Posso utilizzare un RCD di tipo AC per un caricabatterie per veicoli elettrici?

Assolutamente no. Gli RCD di tipo AC rilevano solo la corrente alternata sinusoidale standard. Sono completamente ciechi alla corrente continua pulsante e alle correnti di dispersione CC regolari. L'uso di un RCD di tipo CA per un caricabatterie per veicoli elettrici è altamente pericoloso ed è esplicitamente vietato dai moderni codici elettrici internazionali.

Se il mio caricabatterie per veicoli elettrici è dotato di protezione CC integrata, ho comunque bisogno di un RCD di tipo B nel pannello?

Se il caricabatterie del veicolo elettrico è dotato di un dispositivo di rilevamento guasti CC da 6 mA integrato certificato (RDC-DD conforme a IEC 62955), sei legalmente autorizzato a installare un RCD standard di tipo A nel pannello di distribuzione. Il dispositivo interno impedisce alla corrente continua di accecare l'RCD di tipo A. Tuttavia, se il caricabatterie non dispone di questa funzionalità interna, è strettamente necessario un RCD di tipo B sul pannello.

Gli RCD di tipo B sono molto più costosi di quelli di tipo A?
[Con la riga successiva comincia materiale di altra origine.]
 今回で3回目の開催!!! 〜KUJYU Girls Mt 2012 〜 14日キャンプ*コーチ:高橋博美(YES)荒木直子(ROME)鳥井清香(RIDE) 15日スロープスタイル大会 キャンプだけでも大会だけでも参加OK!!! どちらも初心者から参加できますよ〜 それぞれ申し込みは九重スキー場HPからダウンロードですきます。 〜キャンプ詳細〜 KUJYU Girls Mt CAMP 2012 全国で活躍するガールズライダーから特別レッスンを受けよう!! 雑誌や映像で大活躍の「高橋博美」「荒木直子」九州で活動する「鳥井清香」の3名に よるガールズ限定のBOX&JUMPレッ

SÌ. Poiché gli RCD di tipo B utilizzano nuclei magnetici altamente avanzati e complessi circuiti di rilevamento elettronico secondario per rilevare la corrente continua uniforme, sono significativamente più costosi da produrre. Tuttavia, nel contesto delle installazioni commerciali di veicoli elettrici, questo costo rappresenta una polizza assicurativa trascurabile contro la responsabilità mortale e le mancate ispezioni di conformità.

È necessario un interruttore automatico separato se installo un RCD di tipo B?
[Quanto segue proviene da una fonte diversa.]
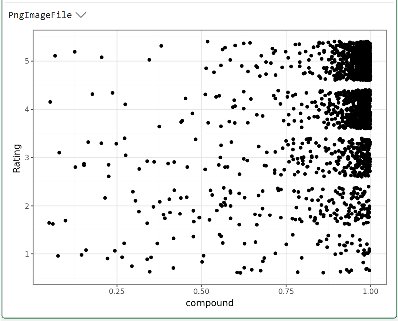 The above visual shows that the VADER compound score doesn't always align with the user-provided Rating. For example, there are a number of 1- and 2-star ratings with high compound scores.

SÌ. Un RCD (o RCCB) rileva solo la dispersione verso terra; non protegge da cortocircuiti o sovraccarichi termici. È necessario installare un MCB (interruttore miniaturizzato) adeguatamente dimensionato in serie con l'RCD. In alternativa, è possibile acquistare un RCBO di tipo B, che combina la protezione da dispersione a terra e da cortocircuito in un unico dispositivo.
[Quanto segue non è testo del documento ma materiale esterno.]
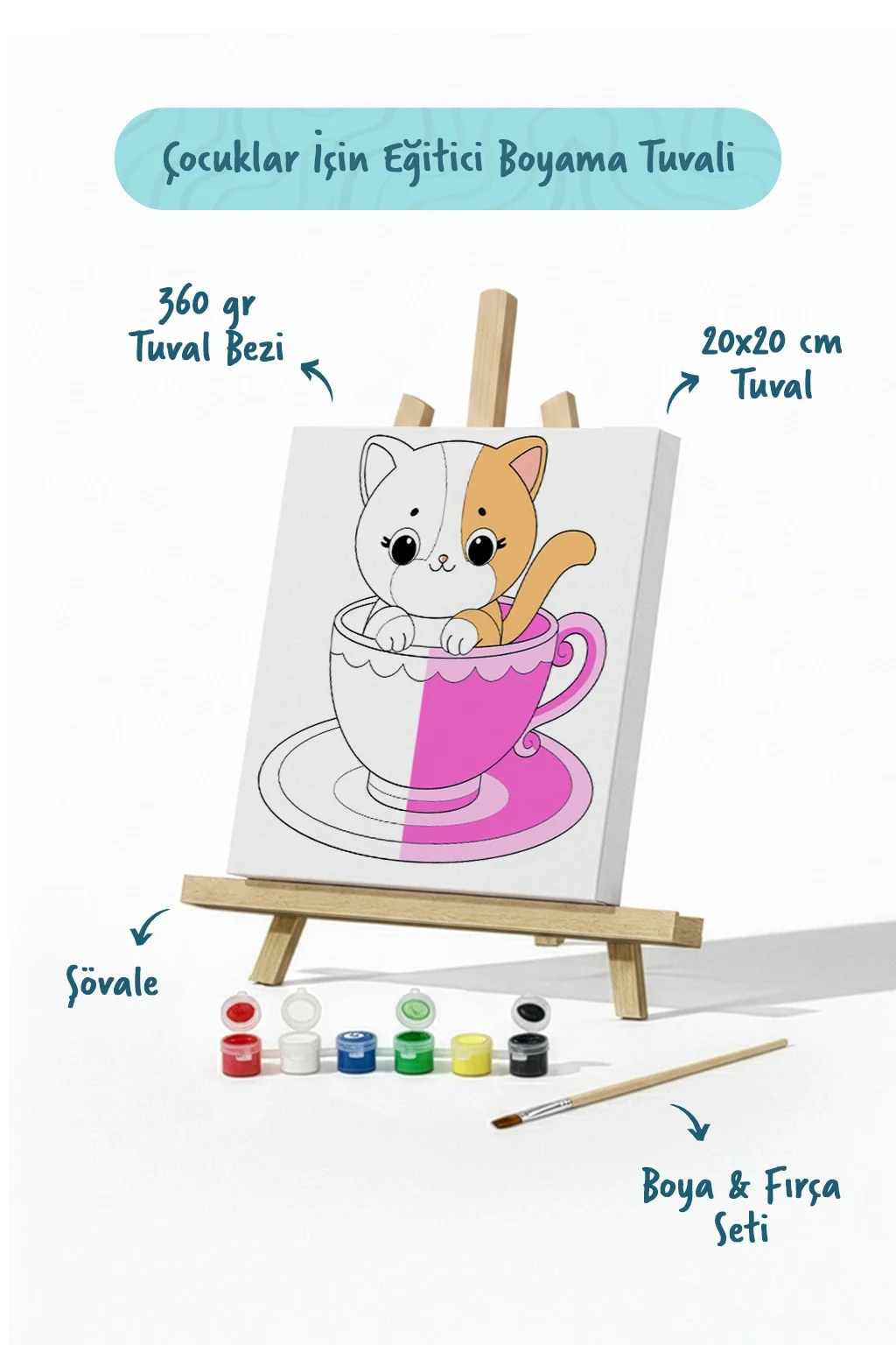 Kupa İçinde Sevimli Kedi Çocuk Boyama Tuvali – Şövaleli Boyama Seti 20x20 cm

È possibile utilizzare un RCD di tipo B per applicazioni diverse dalla ricarica di veicoli elettrici?

SÌ. Gli RCD di tipo B sono il dispositivo di protezione definitivo e sono retrocompatibili. Sono altamente raccomandati (e spesso obbligatori) per inverter solari fotovoltaici (PV) trifase, macchine per risonanza magnetica medica, router CNC industriali e ascensori, ovvero qualsiasi apparecchiatura che utilizza raddrizzatori ad alta frequenza o massicci azionamenti a velocità variabile.